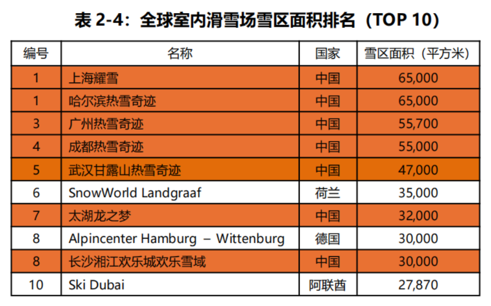 在国际对比中,中国已成为室内滑雪场的绝对领跑者。全球雪区面积排名前十的室内滑雪场中,中国占据七席,且前五名全部位于国内,其中上海耀雪、哈尔滨热雪奇迹面积最大,超过6万m²。随着深圳、长春等新项目的投入运营,中国在室内滑雪场全球前十中的占比预计将达到九席。
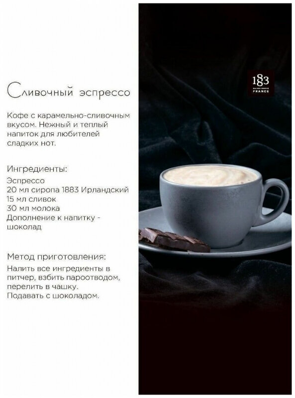 Сироп для кофе и коктейлей Ирландский крем в фирменной индивидуальной упаковке
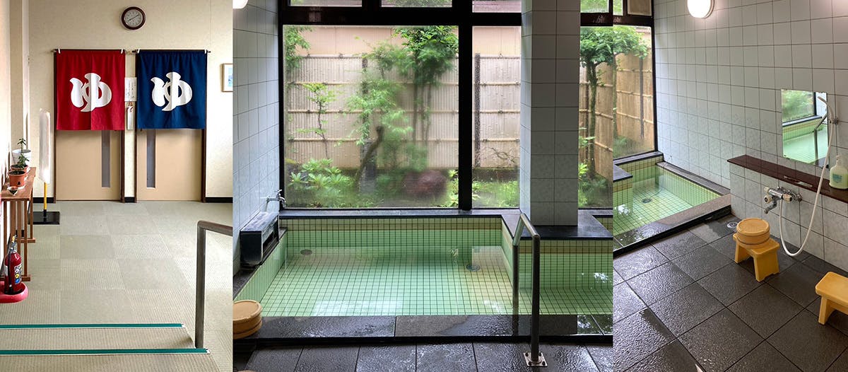 名物のお風呂は、地下水を汲み上げたまろやかな水質のお湯が特徴です。湯船からは落ち着いた庭が見えて、ゆっくりと過ごしていただけます。多くの参拝者も、このお風呂で疲れを取り心を癒してきました。
——
> Task prompt: Give back exactly the lines from the one containing "Сироп для кофе" through the last line above, both included, and none of the pictures.

> Solution to this task:
 Сироп для кофе и коктейлей Ирландский крем в фирменной индивидуальной упаковке
 名物のお風呂は、地下水を汲み上げたまろやかな水質のお湯が特徴です。湯船からは落ち着いた庭が見えて、ゆっくりと過ごしていただけます。多くの参拝者も、このお風呂で疲れを取り心を癒してきました。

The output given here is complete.